Exercise brief → When you reach the line with "意外と大きく手のひらサイズで" in the data below, begin printing lines exactly, and stop once the line with "The WNYC app" has been printed.

Records for this exercise →

◆ ◆ ◆ ◆ ◆

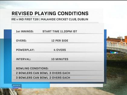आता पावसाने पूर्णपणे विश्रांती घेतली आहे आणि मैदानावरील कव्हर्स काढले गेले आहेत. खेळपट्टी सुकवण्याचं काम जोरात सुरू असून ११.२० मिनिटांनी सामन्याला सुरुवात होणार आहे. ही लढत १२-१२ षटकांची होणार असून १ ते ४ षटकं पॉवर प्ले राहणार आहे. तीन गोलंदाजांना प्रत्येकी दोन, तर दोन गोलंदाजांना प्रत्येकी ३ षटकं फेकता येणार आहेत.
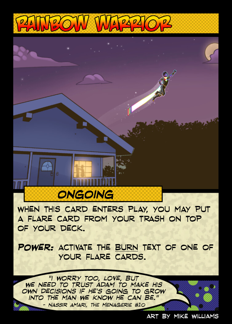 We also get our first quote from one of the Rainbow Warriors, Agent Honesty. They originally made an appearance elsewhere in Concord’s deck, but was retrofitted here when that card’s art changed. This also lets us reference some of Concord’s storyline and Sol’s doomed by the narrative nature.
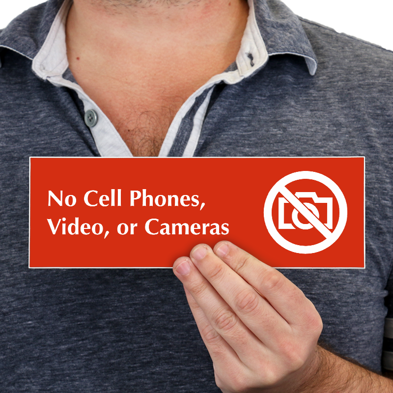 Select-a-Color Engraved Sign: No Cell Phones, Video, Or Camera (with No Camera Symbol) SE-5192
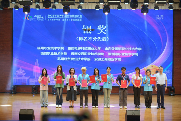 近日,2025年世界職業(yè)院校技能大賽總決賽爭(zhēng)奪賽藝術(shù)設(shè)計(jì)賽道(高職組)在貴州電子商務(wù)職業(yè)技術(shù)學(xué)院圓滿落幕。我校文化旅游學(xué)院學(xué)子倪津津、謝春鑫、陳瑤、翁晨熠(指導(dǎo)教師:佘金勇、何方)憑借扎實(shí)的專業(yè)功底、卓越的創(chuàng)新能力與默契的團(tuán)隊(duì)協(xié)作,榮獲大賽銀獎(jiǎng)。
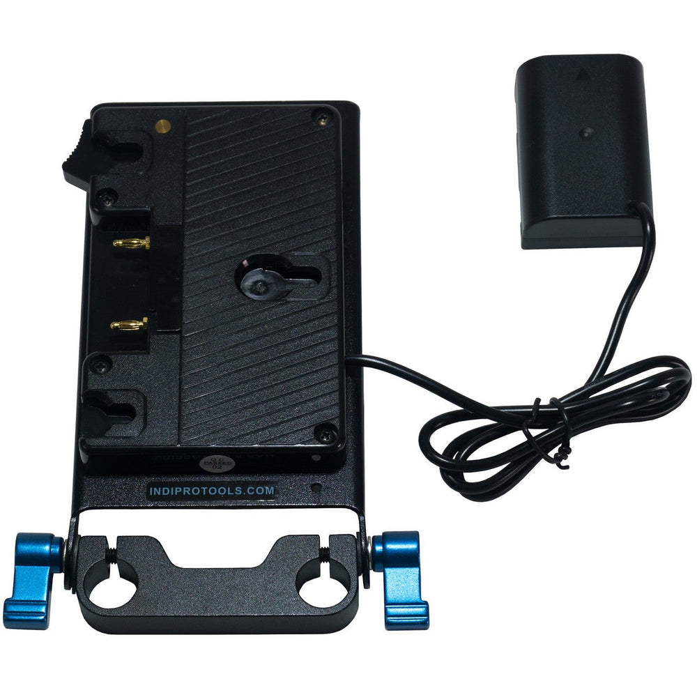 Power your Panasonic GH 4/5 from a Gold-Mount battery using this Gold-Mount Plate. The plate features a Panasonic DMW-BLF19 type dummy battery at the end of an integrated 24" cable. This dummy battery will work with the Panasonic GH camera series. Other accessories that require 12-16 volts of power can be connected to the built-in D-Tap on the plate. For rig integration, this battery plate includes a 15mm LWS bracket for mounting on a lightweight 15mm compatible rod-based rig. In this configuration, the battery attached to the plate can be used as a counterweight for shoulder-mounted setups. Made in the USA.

◆ ◆ ◆ ◆ ◆

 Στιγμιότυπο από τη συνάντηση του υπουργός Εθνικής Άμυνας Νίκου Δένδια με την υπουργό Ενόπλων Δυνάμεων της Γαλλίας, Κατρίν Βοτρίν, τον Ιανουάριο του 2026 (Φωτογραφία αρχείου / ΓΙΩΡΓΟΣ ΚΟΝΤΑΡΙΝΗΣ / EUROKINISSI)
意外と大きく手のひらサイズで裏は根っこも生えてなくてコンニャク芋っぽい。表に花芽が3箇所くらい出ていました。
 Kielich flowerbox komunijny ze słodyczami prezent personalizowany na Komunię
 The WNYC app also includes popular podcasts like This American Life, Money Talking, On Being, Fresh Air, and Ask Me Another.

◆ ◆ ◆ ◆ ◆

Written response →
意外と大きく手のひらサイズで裏は根っこも生えてなくてコンニャク芋っぽい。表に花芽が3箇所くらい出ていました。
 Kielich flowerbox komunijny ze słodyczami prezent personalizowany na Komunię
 The WNYC app also includes popular podcasts like This American Life, Money Talking, On Being, Fresh Air, and Ask Me Another.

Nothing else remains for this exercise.